I think it was funny that I got the “eat” journal because my weight and eating habits have been an issue for me ever since I had scoliosis surgery the summer before my junior year in high school. Before my back surgery, I loved my body and I always had an appetite and I was a healthy weight for my height. However, after having scoliosis surgery, I lost about 20-30 pounds and never gained it back. One of the reasons is because I had to take medication every day for three months and all I would do is sleep and eat one meal a day because I was just not hungry and my body needed time to heal and recover. After the surgery I also started to develop IBS and another medical condition (do not wish to indicate) which hindered my eating as well. Throughout highschool, people always said that I look anorexic and even when I go to the doctors now, they ask if I have an eating disorder and it is really frustrating and tiresome to hear these remarks over and over because they are not true and skinny shaming is really a thing.
However, why I found it funny that I got the eating journal was because this past year I had been working on gaining weight but it just hasn’t been successful. With anxiety, the stresses of college and life itself, eating is something that I find a bother sometimes (especially with the horrible food selection on campus) and gaining weight is just hard with stress. With my food journal, I found that typically in times over lower stress, I tend to eat a lot more but when I have anxiety or I am not in a good mood, I don’t eat as much. I know that I could be eating healthier, foods with more carbs and protein, but with my college budget and limited food selections on campus, it’s hard to not just get campus food when I paid for the meal plan due to how busy I am.

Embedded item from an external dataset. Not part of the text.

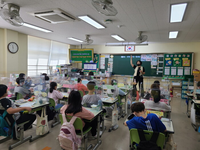 | ▲ 초등학생들이 ‘2022년 찾아가는 건강먹거리 수업’을 듣고 있다. 수원시 제공 |

I know that I need to find ways to alleviate stress so that I can gain weight but I don’t think stress ever goes away with age and although I can find ways to alleviate stress, again, with my medical conditions, its challenging to pick foods. However, I do think that my mood dictates my eating habits and I can sit here and tell you that I’m going to make improvements but the reality, is that I am starting to learn to be happy with my body. I know that I am not ever going to gain 20-30 pounds back with my health but I know that I can start eating healthier and eat things with more protein and carbs. And even though doctors will continue asking me if I have an eating disorder, it doesn’t matter because I know my happiness with my body outweighs anyone else’s opinion.